> _Extracted data entries_:
Start of Block
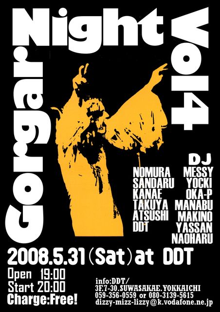 早くも4回目を迎えるDDTのレギュラーイベント「GORGAR NIGHT」。 明後日5/31(土)20:00スタートです! いつもと同じく、素人が集まって好きな音楽をかけながらワイワイやろうよ、 という楽しいイベントです。 HM/HRはもちろん、Loud Rock,Reggae,House,Popsなど、今回もオールジャンル! もしかしたら乱入枠もあるかも? 興味のある方は是非CD持参でご来店下さい! 今回ももちろんチャージは無料! 決して敷居の高いイベントではないので、初めての方も気軽に立ち寄って下さい! それでは皆さん、土曜日にDDTでお会いしましょう!
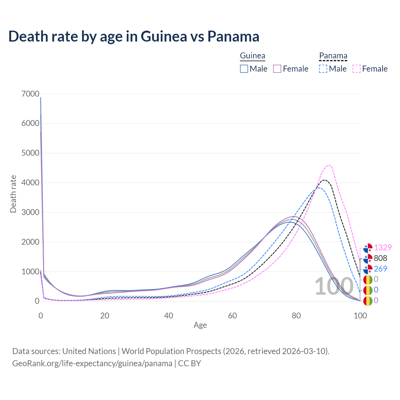 In Guinea, the most common age of death is 0, compared to 89 in Panama. The median age of death is 70.6 in Guinea and 84.6 in Panama, meaning only half of each cohort is expected to live past that age.
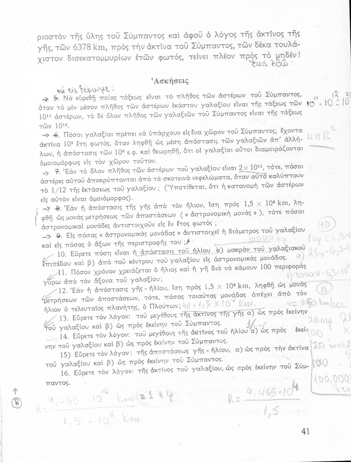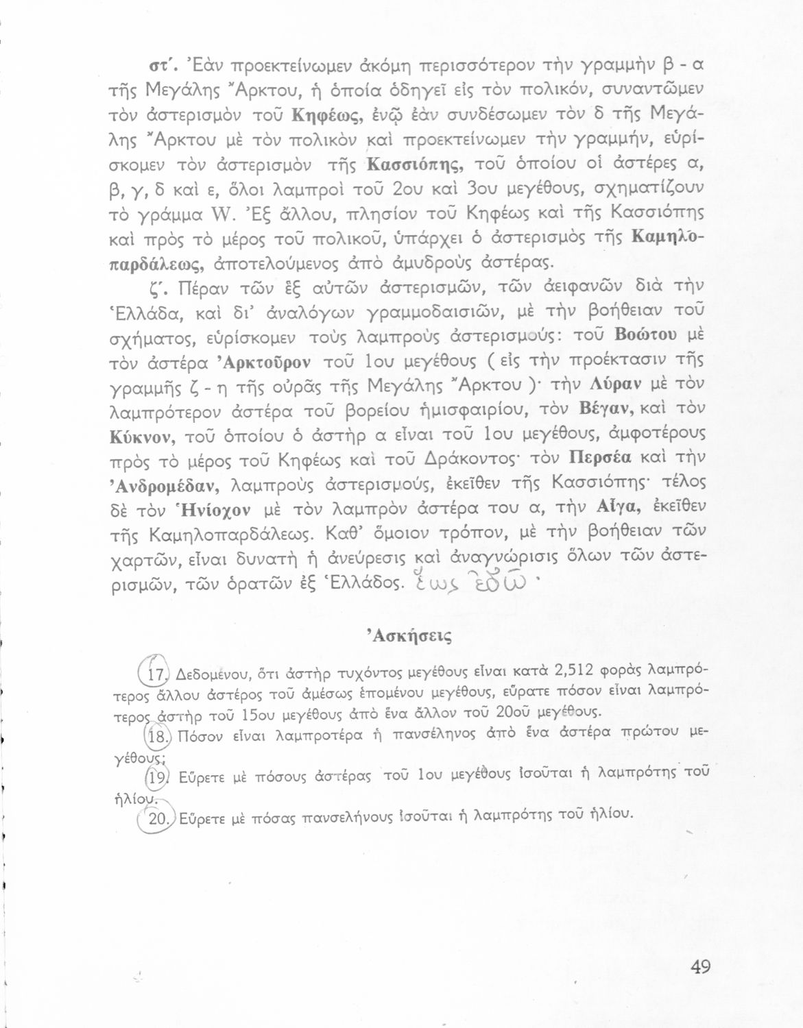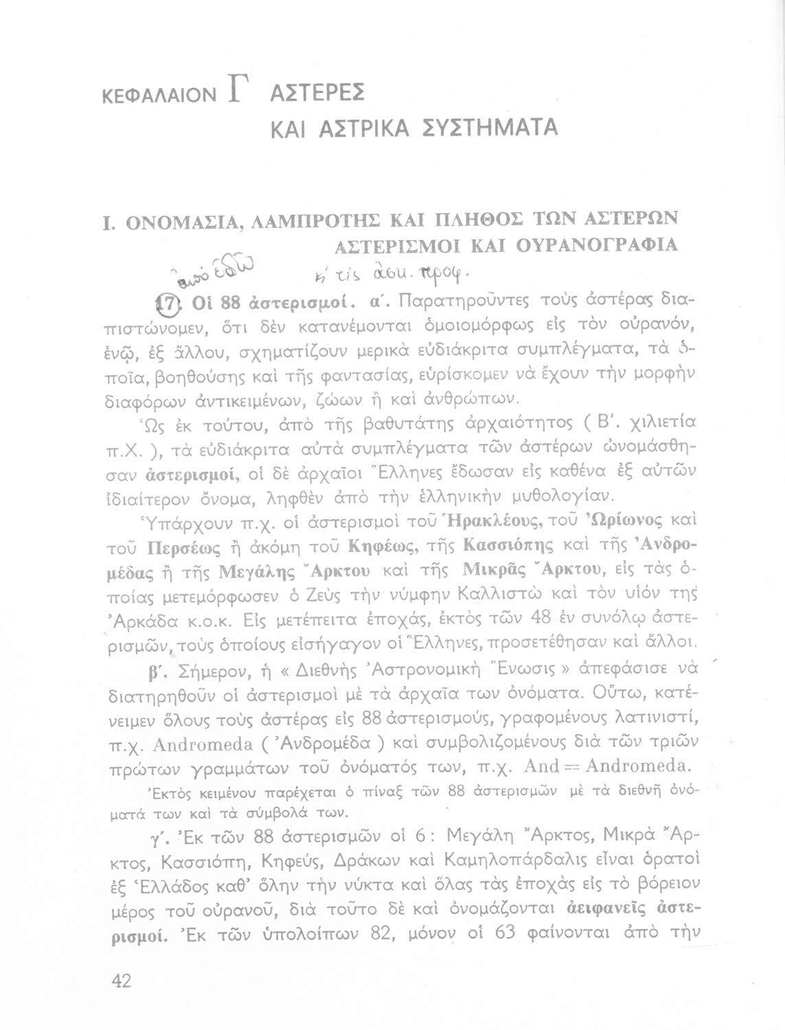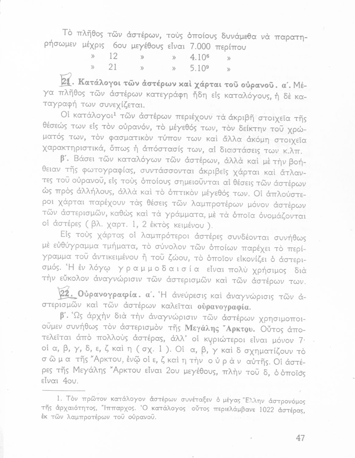 Σχολικό εγχειρίδιο Κοσμογραφίας ΣΤ΄ Γυμνασίου που πραγματεύεται τη μορφή, σύσταση, μέγεθος και κίνηση των γαλαξιών και των πλανητών. Περιέχει στοιχεία αστροναυτικής και πίνακα με 88 αστερισμούς, τα διεθνή ονόματα και τα σύμβολά τους.
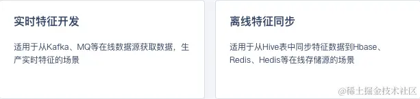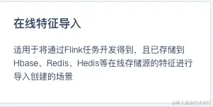 特征平台目前支持在线特征的存储,简单来说用户可以通过在AI平台点通过页面配置化的方式,将hive表数据或者kafka、rocketmq数据,同步到hbase、hedis、redis等在线存储中,也支持将数据存储到rocksdb进行本地化存储。如下图所示:
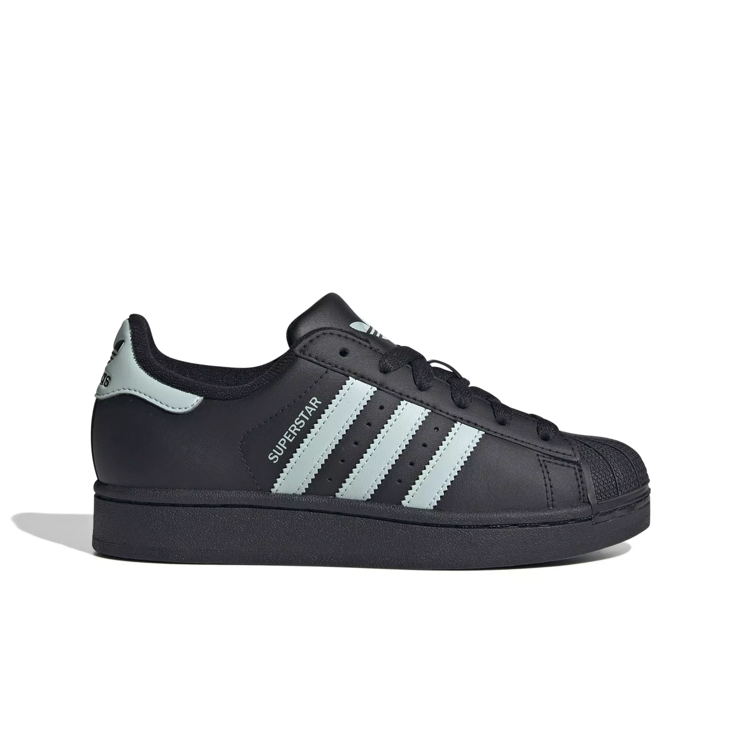 These adidas Originals Superstar II "Core Black/Ash Green/Ash Green" Grade School Boys' Shoe give you all the features you crave from the original like the famous shell toe, serrated 3-Stripes and a box logo on the tongue. With a leather and synthetic upper, these retro-inspired kicks provide all-day comfort and style. A look that dominated in the '90s and 2000s is still back and still going strong. Hits of color on the 3-Stripes and heel tab make these trainers pop.Features
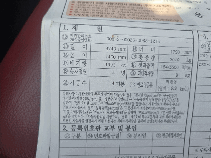 비고1. 2016년식 흰색 휘발유차량임. 계기판상 주행거리는 64,233km이며, 자동차등록원부상 검사유효기간은 2023.12.04~2025.12.03.임.
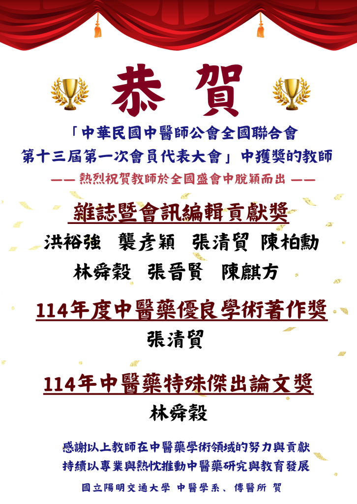 10 月 28 2025 狂賀!本所教師榮獲「中華民國中醫師公會全國聯合會 第十三屆第一次會員代表大會」多項大獎! 榮譽 狂賀!本所教師榮獲「中華民國中醫師公會全國聯合會 第十三屆第一次會員代表大會」多項大獎! 閱讀全文 »
End of Block
> _EXERCISE REQUIREMENTS_:
What belongs in the answer is each line above from the line with "In Guinea, the" to the line with "Σχολικό εγχειρίδιο Κοσμογραφίας", inclusive, reproduced exactly and free of pictures.

> _ANSWER BOX_:
 In Guinea, the most common age of death is 0, compared to 89 in Panama. The median age of death is 70.6 in Guinea and 84.6 in Panama, meaning only half of each cohort is expected to live past that age.
 Σχολικό εγχειρίδιο Κοσμογραφίας ΣΤ΄ Γυμνασίου που πραγματεύεται τη μορφή, σύσταση, μέγεθος και κίνηση των γαλαξιών και των πλανητών. Περιέχει στοιχεία αστροναυτικής και πίνακα με 88 αστερισμούς, τα διεθνή ονόματα και τα σύμβολά τους.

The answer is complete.